● WHAT THE EXERCISE ASKS:
Give an unaltered copy of the listing below, minus its pictures.

PROVIDED INFORMATION START

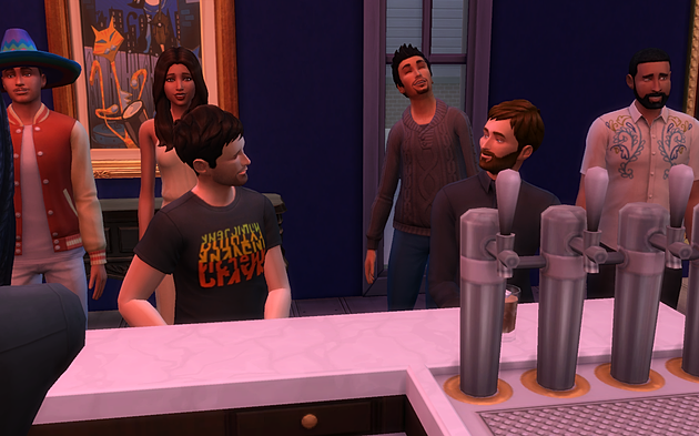 I’m just at the Blue Velvet with my dad right now, we decided to go out and have some more drinks! Stephon, Bob, and Gilbert are here as well. My dad hasn’t met Bob or Gilbert yet, so I introduced him to the two. It’s pretty packed tonight. Oh, and hello again, Genevieve, hehe! She’s tending the bar tonight. That’s why she had to leave my place so early. Well, it looks like it’s gonna be a pretty awesome night! The music is good, the gang is here, and the booze is flowing!
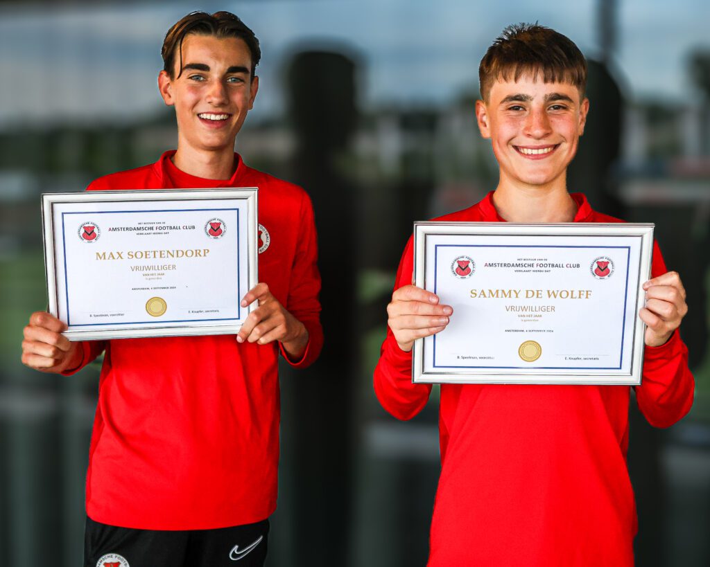Sammy de Wolff en Max Soetendorp voetballen zelf bij A.F.C. in de middenbouw, maar zijn daarnaast op het veld te vinden als scheidsrechter.
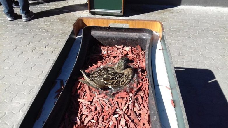 У этого Макдональдса есть утка, которая свила гнездо на входе
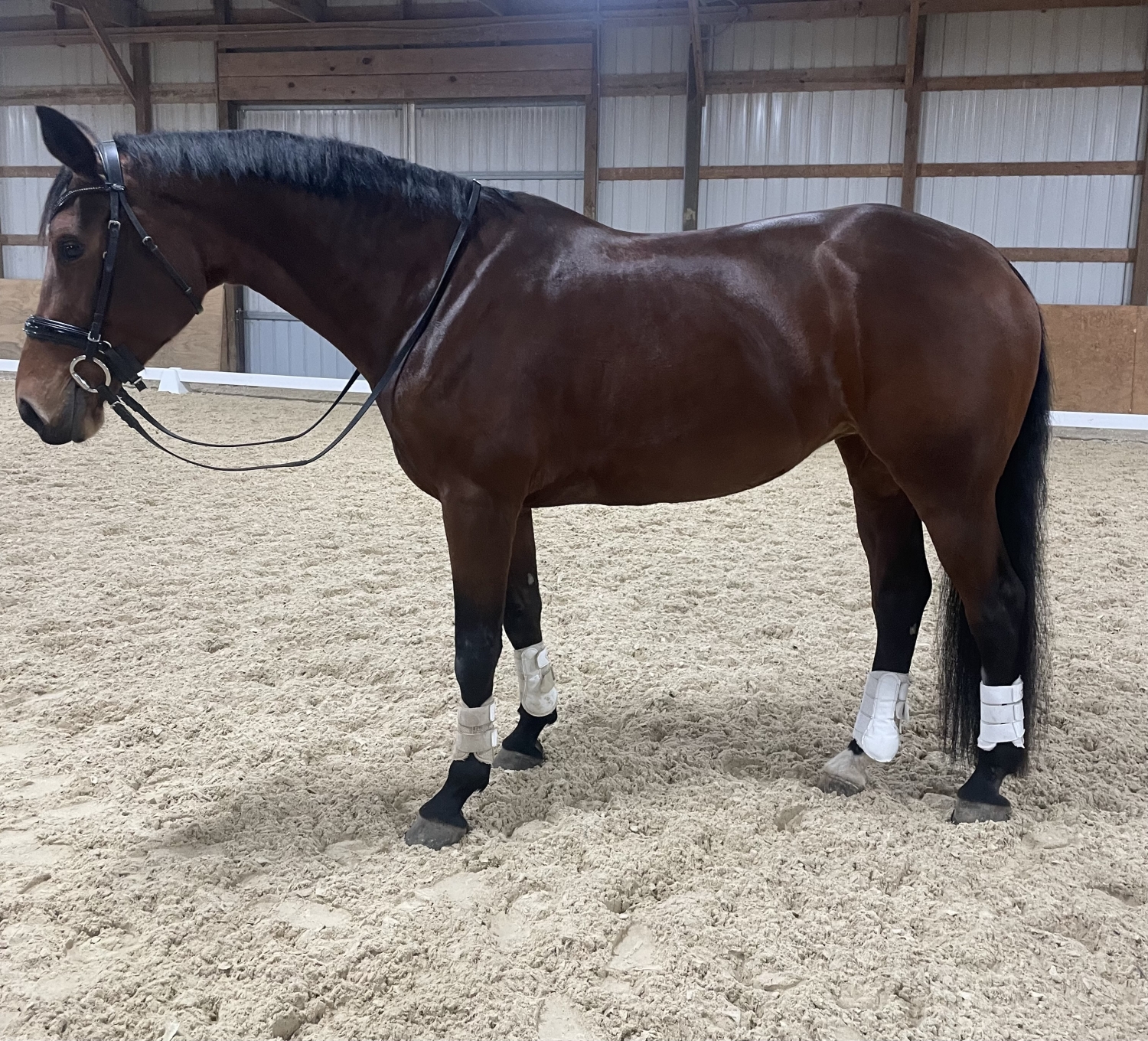 Ella is an exciting young mare by Furstenball out of an Idocus mare. She has supermodel good looks, the sweetest disposition with beautiful gaits and super rideability. Currently schooling third level with a nice expressive change, elastic gaits with an excellent hindleg. She is calm, confident and easy to ride and work with, yet sensitive enough to the aids to excel in the FEI ring. Sound, healthy and an easy keeper. Great with farrier, vet, trailering,. Hacks out alone, An amazing opportunity for an amateur or young rider to enjoy bringing up through the levels. Would also be a great prospect for a professional to develop.
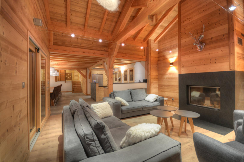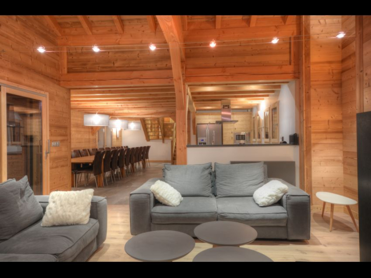 Chalet récent aux prestations exceptionnelles sur les Carroz : 8 chambres, 8 salles d'eau, tout en demi-niveaux avec beaucoup d'intimité pour chacun même pour les grands groupes, sauna, espace détente extérieur avec éclairage en fibre optique colorée dans l'esprit chromothérapie, salle de jeux avec billard et babyfoot, décoration raffinée, moderne et chaleureuse, situé au centre des Carroz (400 m des commerces) et au pied des pistes (250m du téléski débutant télé-école), dans un secteur très calme, face à la nature (forêt et montagnes).
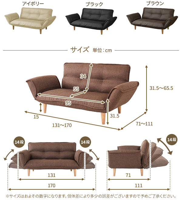 ・通常130cmとコンパクトな横幅なのに、肘掛けを倒すことで最大168cmまで広がります。
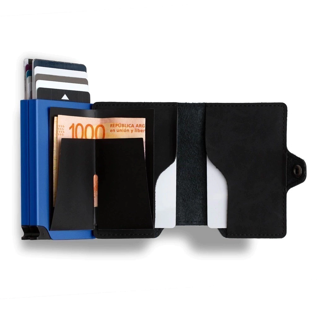 Billetera de cuero con 2 card sliders (tarjeteros) fabricados en aluminio sólido ultrafino.
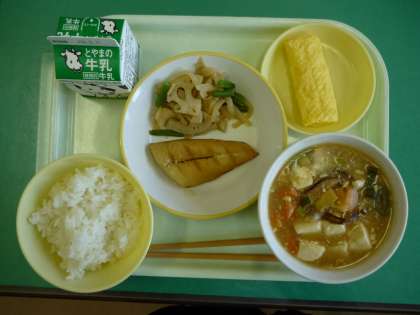 今日の給食は、ごはん、牛乳、鰆の西京焼き、れんこんのきんぴら、えびと豆腐のうま煮です。
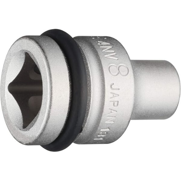 Impact hexagon socket 1/2 inch square drive made of structural steel with electroless plating for improved appearance quality and rust prevention length 38 mm size 8 mm
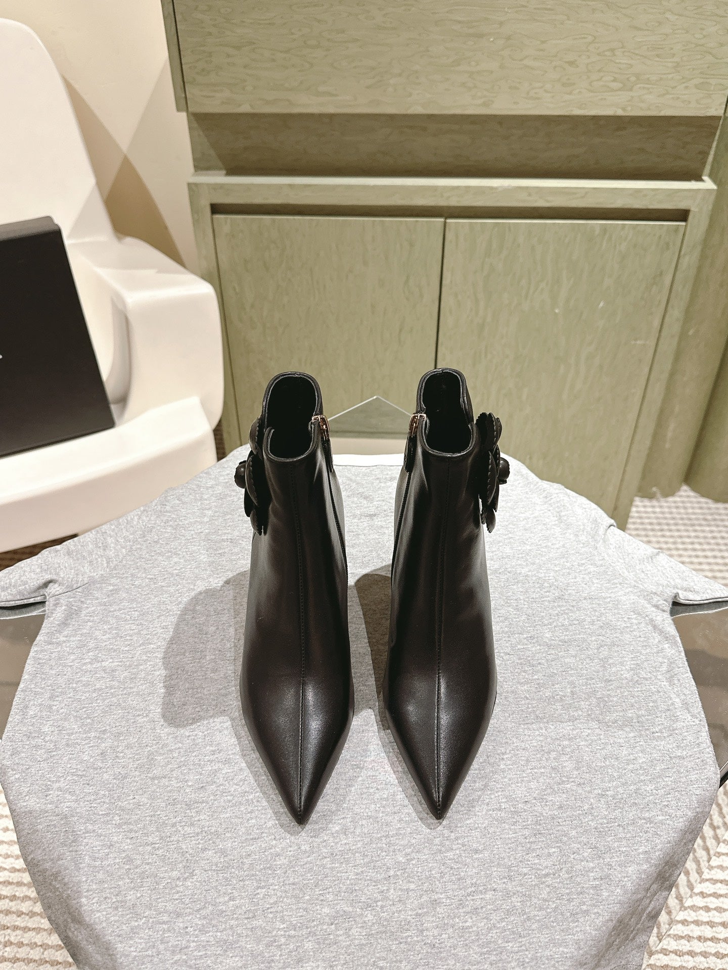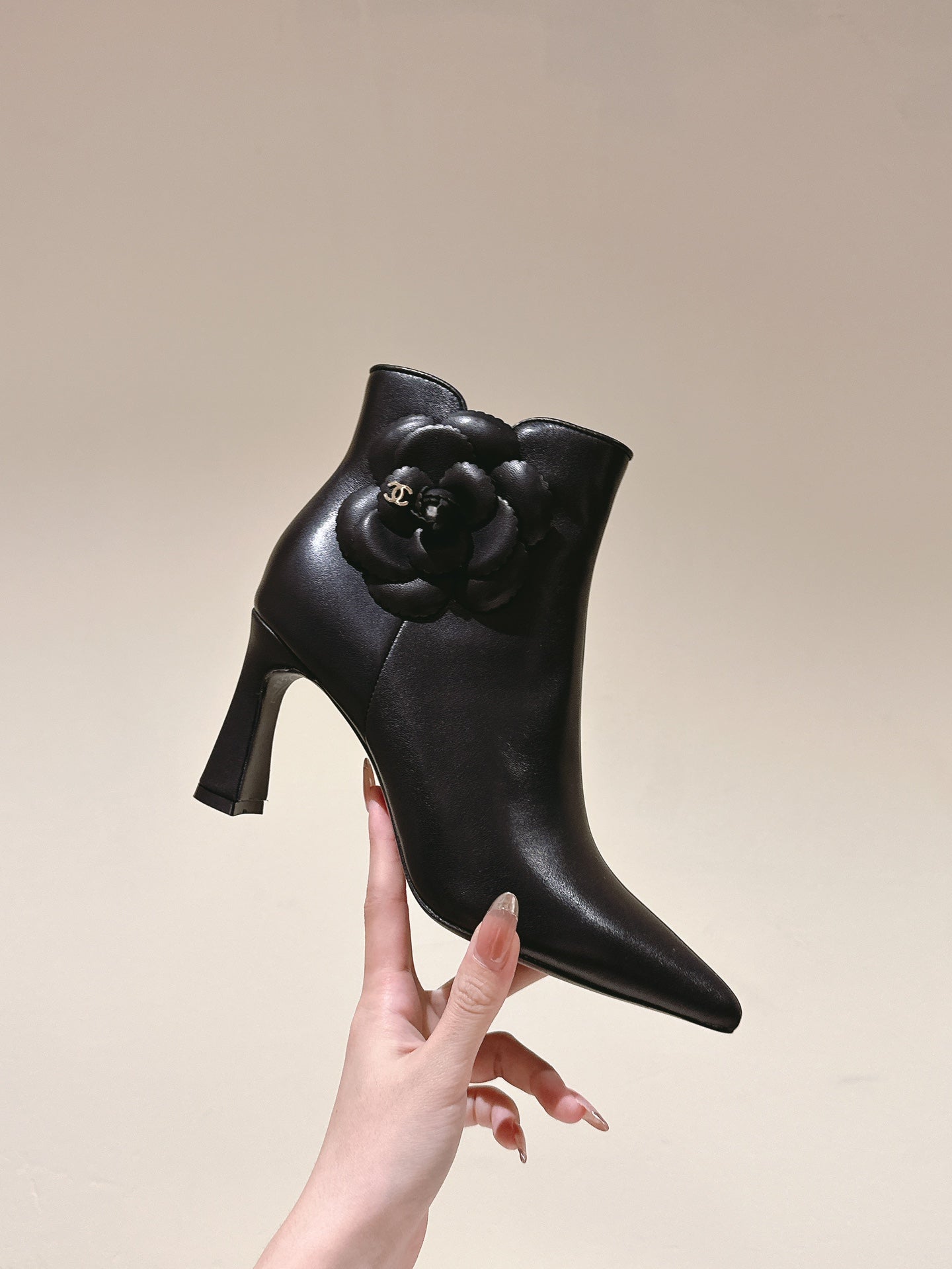 CC Short Boots Black Calfskin Lining Wool And Lambskin

PROVIDED INFORMATION END

● WRITTEN SOLUTION:
 I’m just at the Blue Velvet with my dad right now, we decided to go out and have some more drinks! Stephon, Bob, and Gilbert are here as well. My dad hasn’t met Bob or Gilbert yet, so I introduced him to the two. It’s pretty packed tonight. Oh, and hello again, Genevieve, hehe! She’s tending the bar tonight. That’s why she had to leave my place so early. Well, it looks like it’s gonna be a pretty awesome night! The music is good, the gang is here, and the booze is flowing!
Sammy de Wolff en Max Soetendorp voetballen zelf bij A.F.C. in de middenbouw, maar zijn daarnaast op het veld te vinden als scheidsrechter.
 У этого Макдональдса есть утка, которая свила гнездо на входе
 Ella is an exciting young mare by Furstenball out of an Idocus mare. She has supermodel good looks, the sweetest disposition with beautiful gaits and super rideability. Currently schooling third level with a nice expressive change, elastic gaits with an excellent hindleg. She is calm, confident and easy to ride and work with, yet sensitive enough to the aids to excel in the FEI ring. Sound, healthy and an easy keeper. Great with farrier, vet, trailering,. Hacks out alone, An amazing opportunity for an amateur or young rider to enjoy bringing up through the levels. Would also be a great prospect for a professional to develop.
 Chalet récent aux prestations exceptionnelles sur les Carroz : 8 chambres, 8 salles d'eau, tout en demi-niveaux avec beaucoup d'intimité pour chacun même pour les grands groupes, sauna, espace détente extérieur avec éclairage en fibre optique colorée dans l'esprit chromothérapie, salle de jeux avec billard et babyfoot, décoration raffinée, moderne et chaleureuse, situé au centre des Carroz (400 m des commerces) et au pied des pistes (250m du téléski débutant télé-école), dans un secteur très calme, face à la nature (forêt et montagnes).
 ・通常130cmとコンパクトな横幅なのに、肘掛けを倒すことで最大168cmまで広がります。
 Billetera de cuero con 2 card sliders (tarjeteros) fabricados en aluminio sólido ultrafino.
 今日の給食は、ごはん、牛乳、鰆の西京焼き、れんこんのきんぴら、えびと豆腐のうま煮です。
 Impact hexagon socket 1/2 inch square drive made of structural steel with electroless plating for improved appearance quality and rust prevention length 38 mm size 8 mm
 CC Short Boots Black Calfskin Lining Wool And Lambskin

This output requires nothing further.